Pescara, il consiglio comunale dice no alla mozione sul ‘gender’

Bocciato il testo presentato da Forza Italia, si astiene il Movimento 5 Stelle.

La bufala delle ‘teorie gender‘ continua ad aggirarsi per l’Italia: Pescara però dice no alla mozione sul tema. Plaude Arcigay Chieti.

Nella seduta di inizio settimana, la maggioranza nel Consiglio comunale di Pescara ha respinto la mozione presentata dal capogruppo di Forza Italia che chiedeva di vietare “attività divulgative sulla ‘teoria gender‘” nelle scuole.

Nel testo era previsto un protocollo d’intesa tra il Comune e gli uffici scolastici della Provincia e della Regione per “tutelare la libertà educativa”, nonché altre amenità tra cui contrastare il fatto che nelle scuole venga “promossa apertamente la transessualità” e che si“inviterebbero i bambini a ignorare la propria natura biologica per scegliere liberamente il proprio genere, tenendo peraltro all’oscuro anche le famiglie”.

Il sindaco di Pescara Marco Alessandrini
Il sindaco di Pescara Marco Alessandrini

“Considerando lo stravagante argomento portato nella mozione, ci rallegriamo che fortunatamente quest’ultima sia stata bocciata” ha commentato Arcigay Chieti, che rimarca però come al voto non abbia partecipato il Movimento 5 Stelle “che in tema di diritti civili si distingue spesso dall’atteggiamento pilatesco”.
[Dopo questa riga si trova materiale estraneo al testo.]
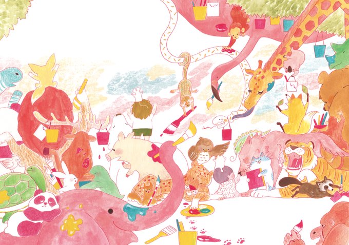 #ひるねこBOOKSレーベル 『ゴロウのえほん』好評発売中。こーくんが「おえかきしたい」とページを開くと、たくさんの動物たちが。みんな楽しそうですね🖌幸せな気持ちになる場面です。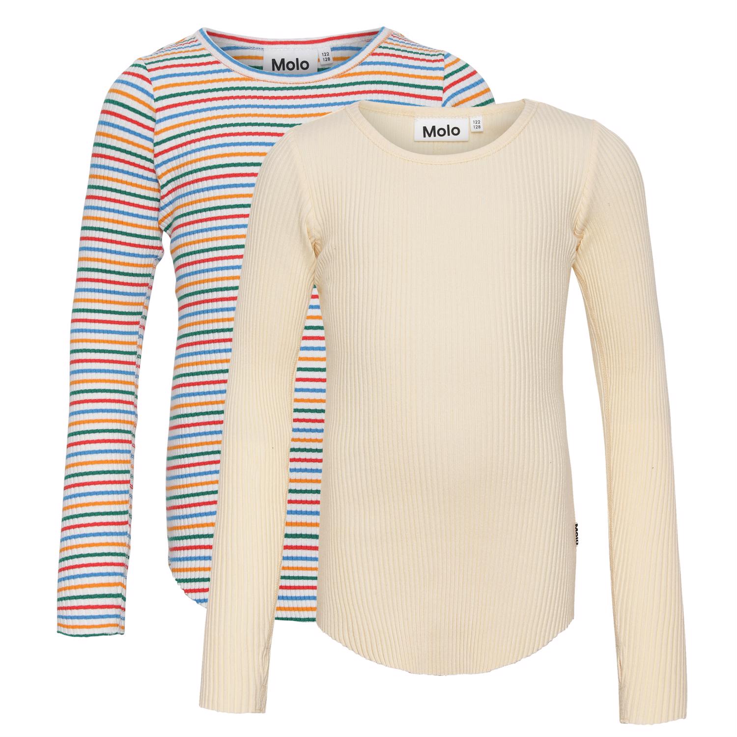 Rochelle er den perfekte bluse, som du aldrig får nok af. Blusen er i rib kvalitet og har hul til tommelfingrene. Her er Rochelle i en 2-pack, som indeholder både en lysegul og en regnbue stribet bluse.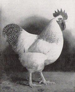 For some reason I lost the picture of the hen,. This is an old Schilling print. The best picture of the "ideal" Delaware that you will find. Notice the front end, the well rounded breast. Notice the depth, or length, of keel. See the topline, and see the bottom line. See the length, the tail, and the tail break. Notice the position of the legs, and the impression of distance between them. See the head. The comb, the beak, the eyes. All of the details. See the color and the placement of the color. Where it is, and where it is not. The color of the legs is a rich golden yellow. Perhaps with an orange stripe down the sides. See the position of the wing. Up tight, held tight, and level.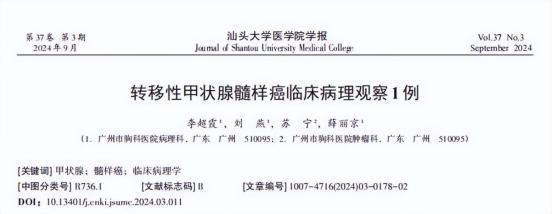 参考资料[1] 李超霞.转移性甲状腺髓样癌临床病理观察1例,汕头大学医学院学报,2024-09-30
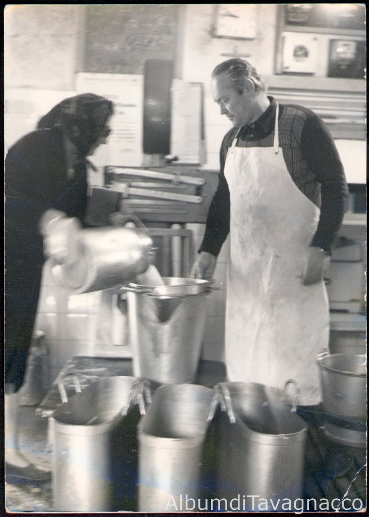 Il casaro Angelo Della Mora, ritratto nel reparto pesatura della latteria di Cavalicco, insieme a una donna che versa il latte in un secchio posto sul piano della bilancia.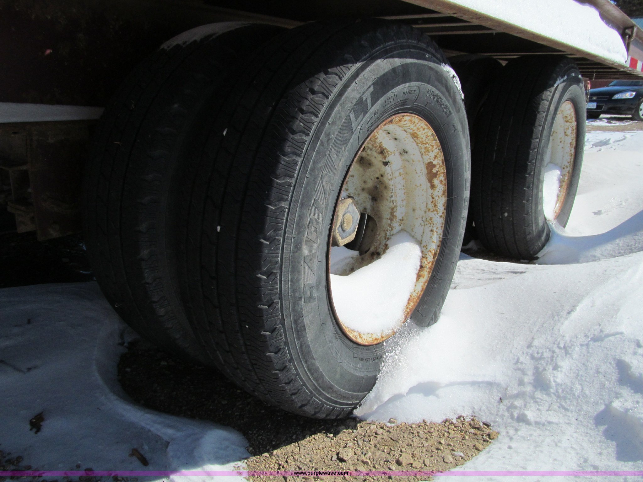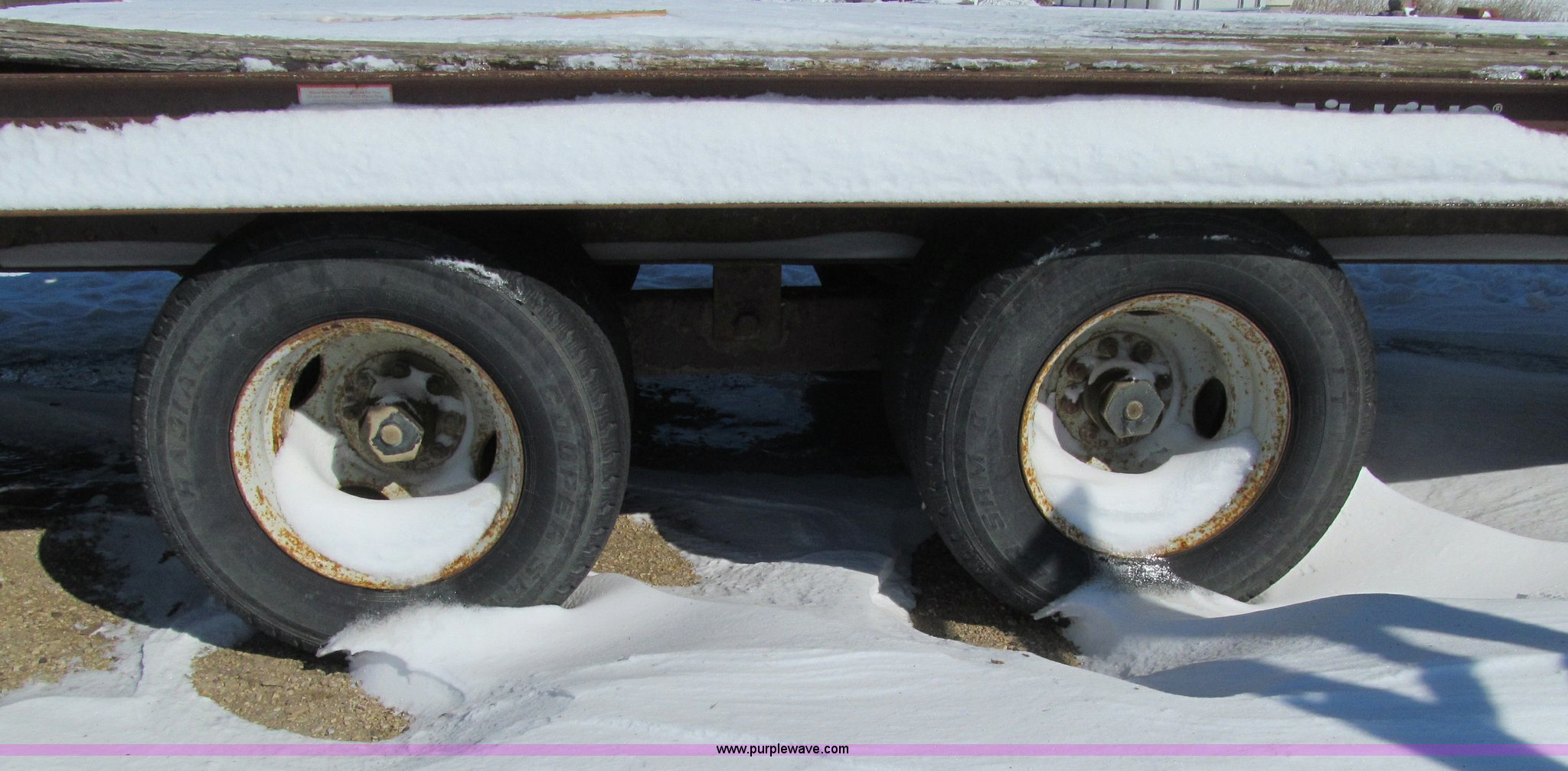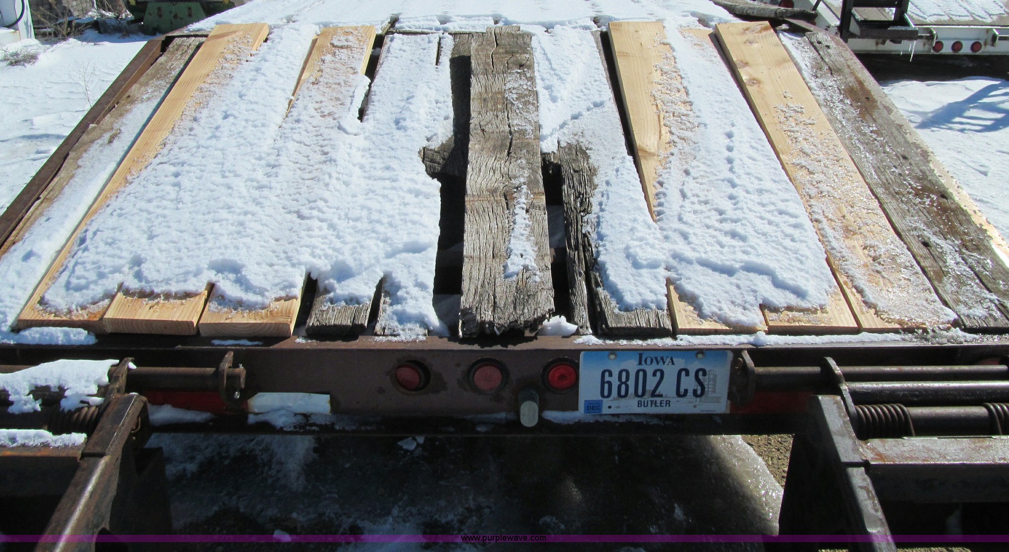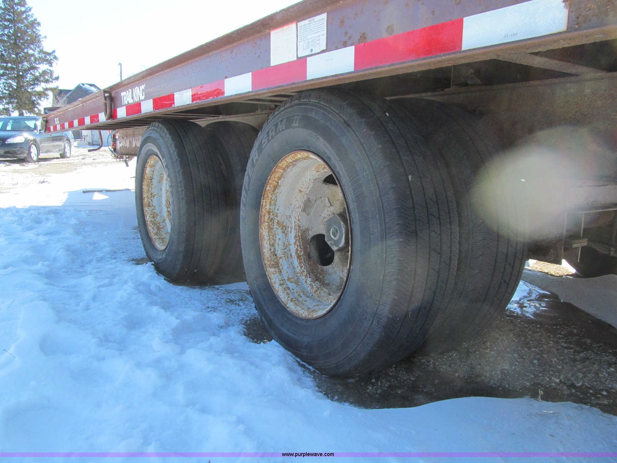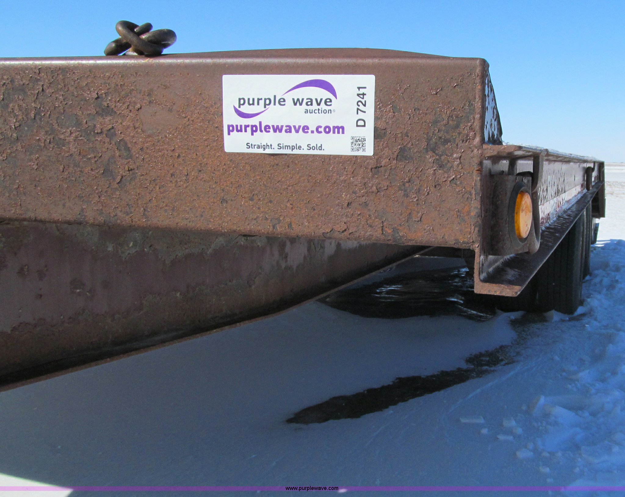 Purple Wave is selling a used Equip. Trailer in Iowa. This item is a 1997 Trail King TK24-2400 equipment trailer with the following: 19' x 8' level deck, 5' x 8' beaver tail, Flip over loading ramps, Pintle eye, Safety chains, Tongue jack, Dexter rubber bushed suspension, 9.50R16.5LT tires, GVWR 30,300 lbs, GAWR 11,160 lbs, Chains and binder not included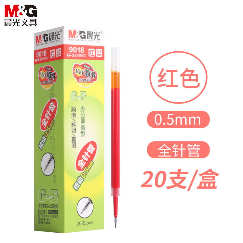 晨光(M&G)文具0.5mm红色中性笔替芯 经典按动款签字笔替芯 G-5全针管系列水笔芯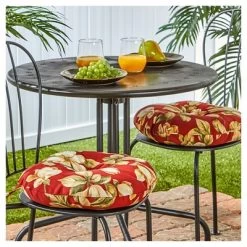 Add a bit of comfort and style to your outdoor bistro set with these Bistro Cushions from Kensington Garden. Cushions feature a center circle tack which prevents fill from shifting and bunching, and two string ties to keep cushions securely attached to chairs. Each set includes two 15 inch round chair cushions made from 100% polyester fabric that is fade, stain and water resistant. The cushion’s soft poly-fiber fill is made from 100% recycled, post-consumer plastic bottles, and overstuffed for added comfort, strength and durability. A variety of colors and prints are available to enhance your outdoor decor.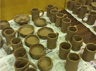 陶仙房の方にご指導をいただきながら、湯のみやマグカップ、茶碗などを作っています。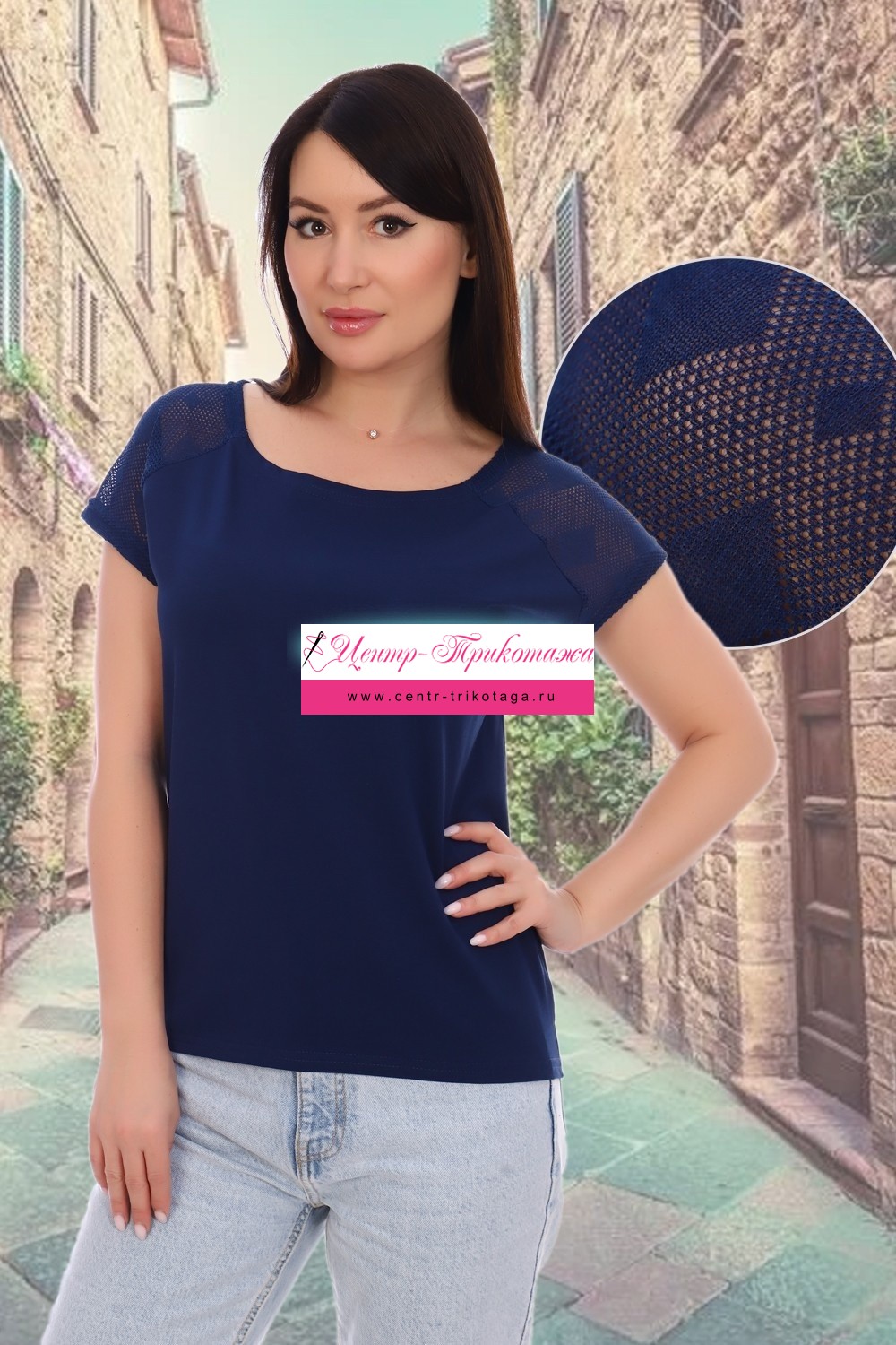 Футболка женская свободного покроя из комбинированного трикотажного полотна - кулирки с лайкрой ПЕНЬЕ и ажурного трикотажа. Спущенная пройма, реглан из ажурного трикотажа, вырез горловины в виде лодочки , низ спинки слегка удлинён и закруглён.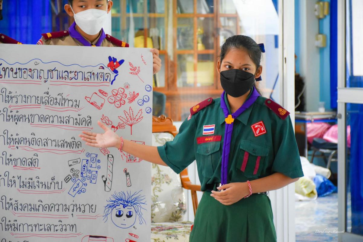 2. กิจกรรมพูดสามภาษา ประกอบด้วยภาษาไทย ภาษาอังกฤษ ภาษาพม่า ถึงโทษและให้รู้เท่าทันไม่ใช้กัญชาเพราะทำลายสมองและเป็นสิ่งเสพติด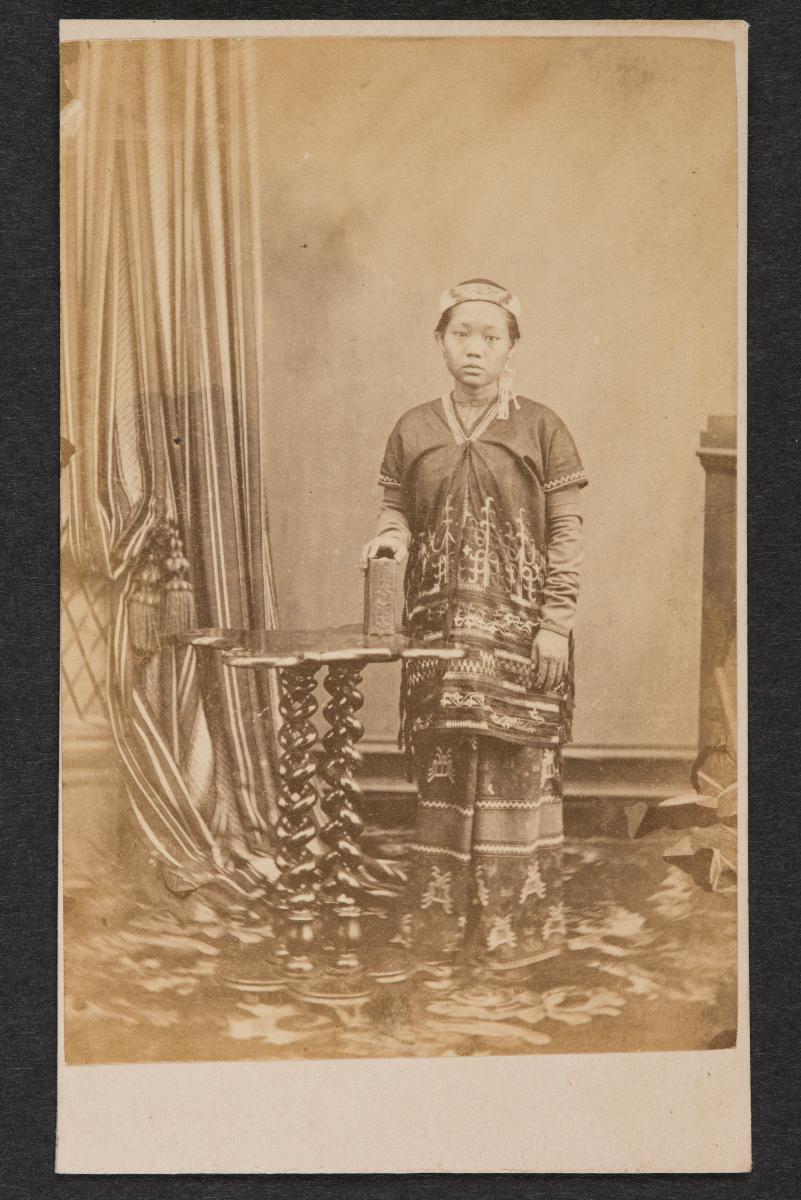 This carte de visite comes from a group of 44 images of Southeast Asia, thought to have been collected by a visitor to the region in the second half of the nineteenth century. The carte de visite format - a small photograph pasted onto a card backing - was popularised as a souvenir in the mid nineteenth century. This group of photographs is indicative of the type of imagery that was popularised through the circulation of cartes de visite. It shows both generic images of local “types,” as well as various posed images of local dignitaries (such as King Norodom of Cambodia). As such, the group offers an insight into the work of the commercial photo studio in Southeast Asia in the nineteenth century.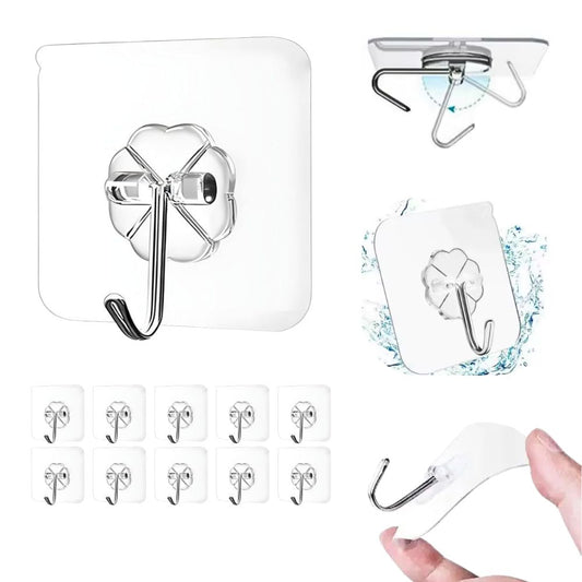 Pack of 10 Multifunctional, Transparent, Self-Adhesive Multi-Purpose Hooks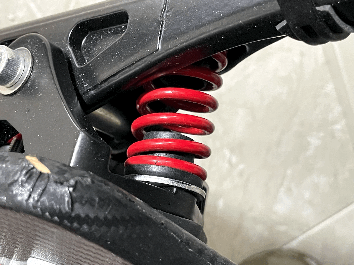 스프링 까지 장착완료. 이 작업을 하기 위해서는 클램프가 필수이다. 스프링 끼우고 빼는 게 예삿일이 아니기에.. 어쨌든 시운전을 해보니 고속에서의 안정감이 대폭 향상되었다. 굿.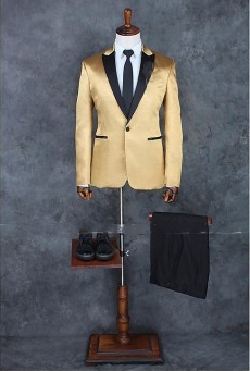 Елегантний атласний золотий чоловічий костюм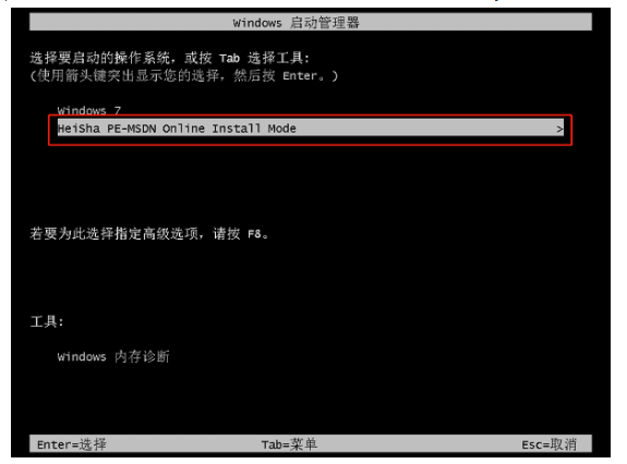 7、選擇“HeiSha PE”模式回車進入。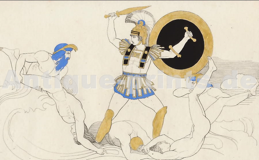 Mythologie. Gravure sur acier, gravée par A. H. Payne d´après Süssmann. ca 1850. Bon état. Aquarellée à la main. 19x9cm. Montée sous passe-partout.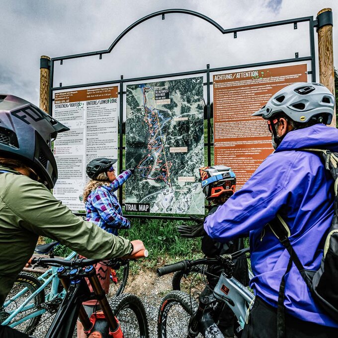 Vergiss nicht, immer ein Smartphone und/oder GPS-Gerät zur Orientierung mitzuführen. Zudem ist es sinnvoll, eine Karte der jeweiligen Region einzupacken, falls einmal der Akku oder die Batterien leer sind. Die Bikekarte der Region ist kostenlos in allen Infobüros der Region erhältlich.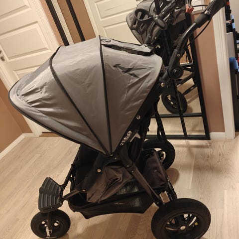 Tinkafu vognmuffe og pelskant til vogn. Settet består av en vognmuffe som festes på håndtaket for å holde hendene varme, samt en pelskant som festes på kalesjen på vognen. Begge deler er laget for bruk på barnevogn og passer til Emmaljunga-vogner og andre vogner med tilsvarende utforming. Fargen er mørk med kunstpelskant i gråtoner.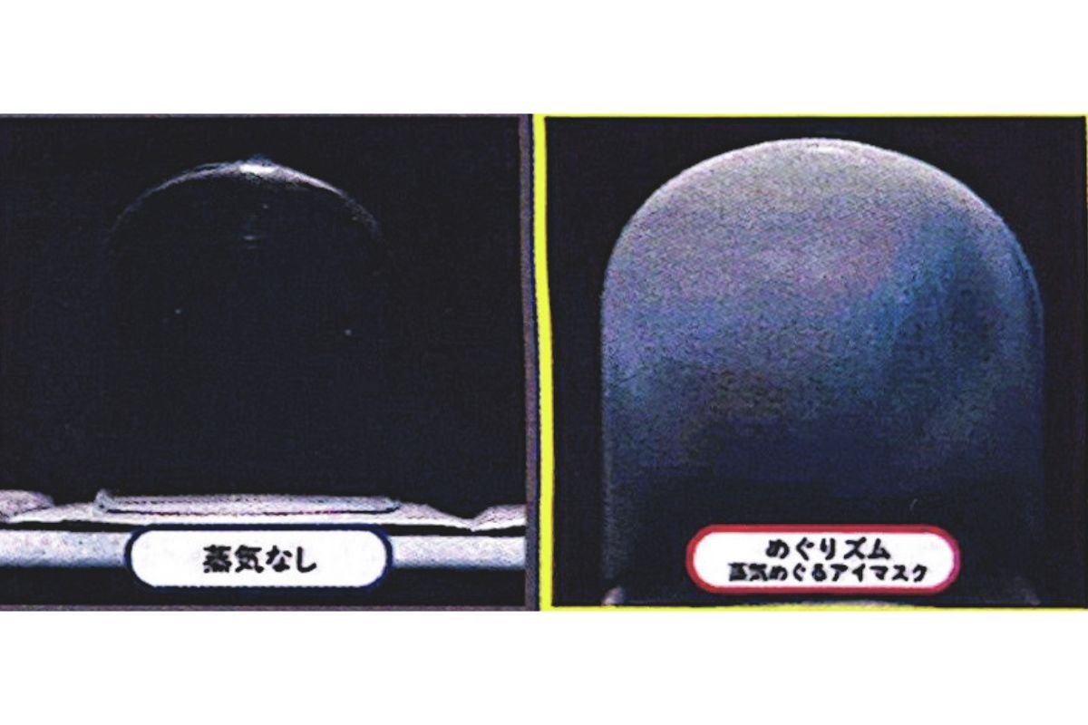 アイマスクにグラスを当てて蒸気量を検証。約113%*1*2もの目もとめぐる蒸気量が発生。たっぷりの蒸気がアイマスクを満たします。

“Gli oppositori della fantomatica teoria gender – prosegue l’associazione LGBT abruzzese – evidentemente non sono abituati al rispetto delle diversità, per cui confondono lo spiegare nelle scuole che esistono per esempio famiglie normalissime e altrettanto felici composte da genitori dello stesso sesso, attraverso semplici favole che non hanno alcuno scopo di indottrinamento e costrizione, con una inesistente minaccia”.